- **Task requirements**: The entries below contain a stretch that opens with the line containing "JAL 日本航空 株主割引券(2026年11月30日搭乗まで有効)1枚" and closes with the line containing "Brown cardboard box"; set down that stretch exactly, both ends included, and nothing else.

- **Material for the task**:
——
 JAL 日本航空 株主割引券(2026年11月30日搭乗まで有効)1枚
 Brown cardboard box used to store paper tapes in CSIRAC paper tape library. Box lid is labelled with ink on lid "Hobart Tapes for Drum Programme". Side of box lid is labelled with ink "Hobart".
——
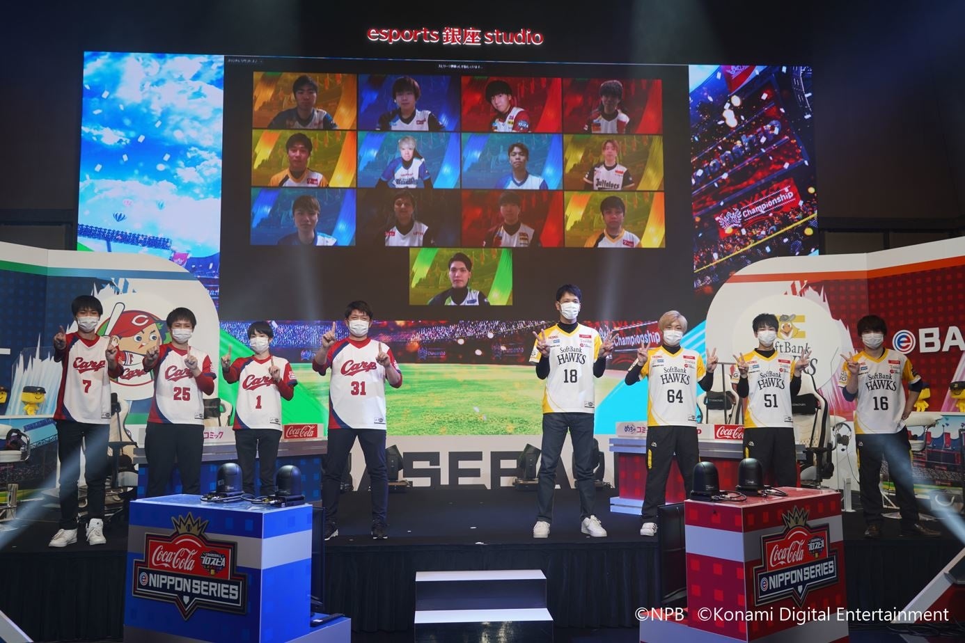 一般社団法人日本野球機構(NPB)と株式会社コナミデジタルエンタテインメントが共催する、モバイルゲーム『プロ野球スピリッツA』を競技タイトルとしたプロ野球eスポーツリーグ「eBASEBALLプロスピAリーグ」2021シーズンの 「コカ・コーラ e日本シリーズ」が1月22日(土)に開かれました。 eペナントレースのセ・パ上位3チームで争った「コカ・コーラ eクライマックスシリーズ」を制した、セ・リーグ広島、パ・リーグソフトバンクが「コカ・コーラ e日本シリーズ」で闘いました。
——
- **Problem solution**:
 JAL 日本航空 株主割引券(2026年11月30日搭乗まで有効)1枚
 Brown cardboard box used to store paper tapes in CSIRAC paper tape library. Box lid is labelled with ink on lid "Hobart Tapes for Drum Programme". Side of box lid is labelled with ink "Hobart".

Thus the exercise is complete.